Exercise prompt
Provide again, from the entries below, every line from the one containing "2月10日,在武汉客厅方舱医院,医护人员带领患者们跳舞。 新华社记者熊琦摄" through the one containing "10月11日,在印度尼西亚雅加达,乘客在雅万高铁哈利姆站候车大厅排队进站。新华社记者 徐钦 摄", exactly as written, and no other line.
(Data under study begins)
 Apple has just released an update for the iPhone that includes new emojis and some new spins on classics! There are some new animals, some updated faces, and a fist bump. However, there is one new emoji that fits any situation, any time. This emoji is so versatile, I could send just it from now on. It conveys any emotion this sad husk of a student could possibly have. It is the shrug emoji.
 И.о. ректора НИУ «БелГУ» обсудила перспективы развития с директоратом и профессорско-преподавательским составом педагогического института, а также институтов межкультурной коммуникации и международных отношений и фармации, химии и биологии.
(Data under study ends)
(Data under study begins)
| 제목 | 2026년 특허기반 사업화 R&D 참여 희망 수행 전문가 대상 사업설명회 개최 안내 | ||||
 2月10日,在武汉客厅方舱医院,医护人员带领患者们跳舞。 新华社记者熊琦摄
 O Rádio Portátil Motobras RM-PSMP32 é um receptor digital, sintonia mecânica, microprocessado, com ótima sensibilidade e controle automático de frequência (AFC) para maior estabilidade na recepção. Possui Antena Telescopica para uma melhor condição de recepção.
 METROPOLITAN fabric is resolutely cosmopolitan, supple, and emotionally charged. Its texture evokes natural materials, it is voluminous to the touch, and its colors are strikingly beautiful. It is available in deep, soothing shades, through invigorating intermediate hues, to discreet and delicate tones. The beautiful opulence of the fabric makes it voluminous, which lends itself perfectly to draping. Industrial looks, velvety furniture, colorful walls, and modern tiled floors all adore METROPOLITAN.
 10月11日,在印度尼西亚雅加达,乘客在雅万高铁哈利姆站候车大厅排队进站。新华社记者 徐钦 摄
(Data under study ends)
(Data under study begins)
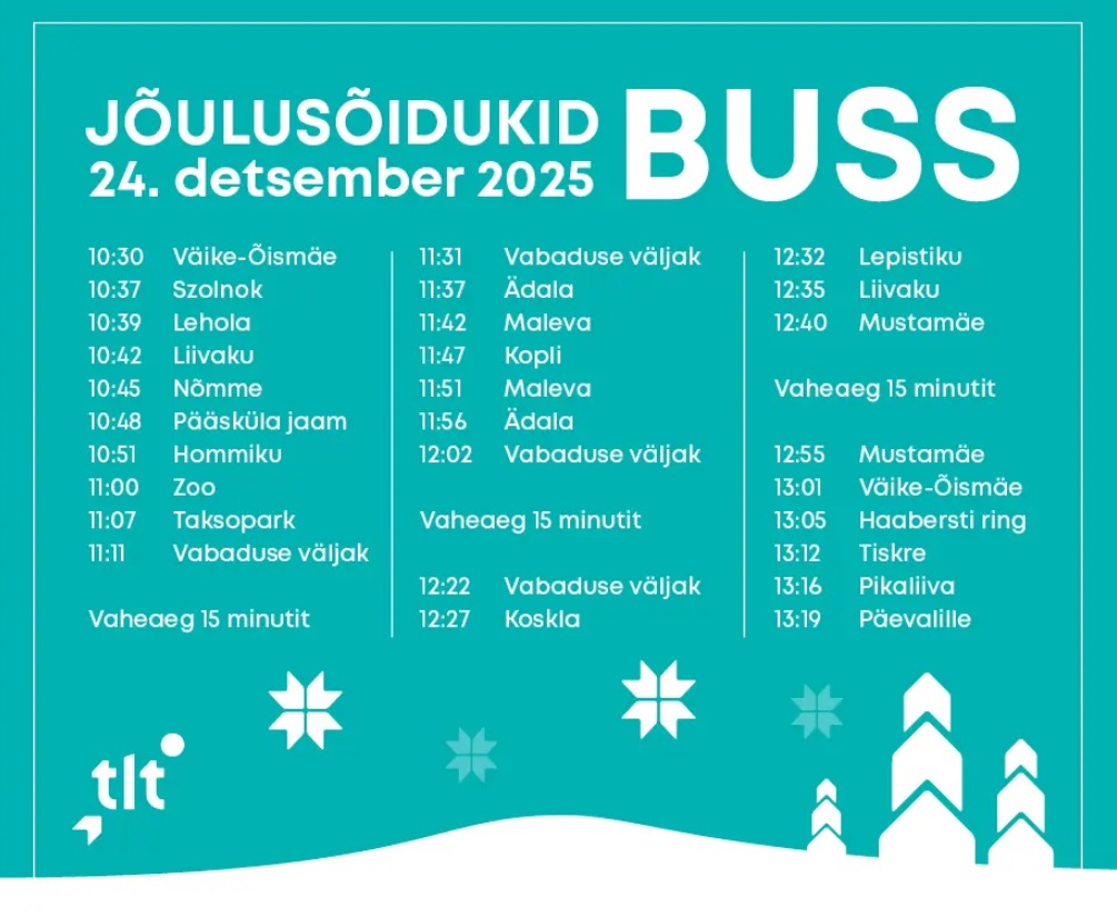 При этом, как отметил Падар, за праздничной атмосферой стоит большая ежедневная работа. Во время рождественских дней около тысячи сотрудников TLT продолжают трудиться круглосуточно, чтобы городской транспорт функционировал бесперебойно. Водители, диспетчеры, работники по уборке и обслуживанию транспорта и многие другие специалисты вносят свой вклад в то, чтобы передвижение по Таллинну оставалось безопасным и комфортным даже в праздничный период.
(Data under study ends)
Answer box
 2月10日,在武汉客厅方舱医院,医护人员带领患者们跳舞。 新华社记者熊琦摄
 O Rádio Portátil Motobras RM-PSMP32 é um receptor digital, sintonia mecânica, microprocessado, com ótima sensibilidade e controle automático de frequência (AFC) para maior estabilidade na recepção. Possui Antena Telescopica para uma melhor condição de recepção.
 METROPOLITAN fabric is resolutely cosmopolitan, supple, and emotionally charged. Its texture evokes natural materials, it is voluminous to the touch, and its colors are strikingly beautiful. It is available in deep, soothing shades, through invigorating intermediate hues, to discreet and delicate tones. The beautiful opulence of the fabric makes it voluminous, which lends itself perfectly to draping. Industrial looks, velvety furniture, colorful walls, and modern tiled floors all adore METROPOLITAN.
 10月11日,在印度尼西亚雅加达,乘客在雅万高铁哈利姆站候车大厅排队进站。新华社记者 徐钦 摄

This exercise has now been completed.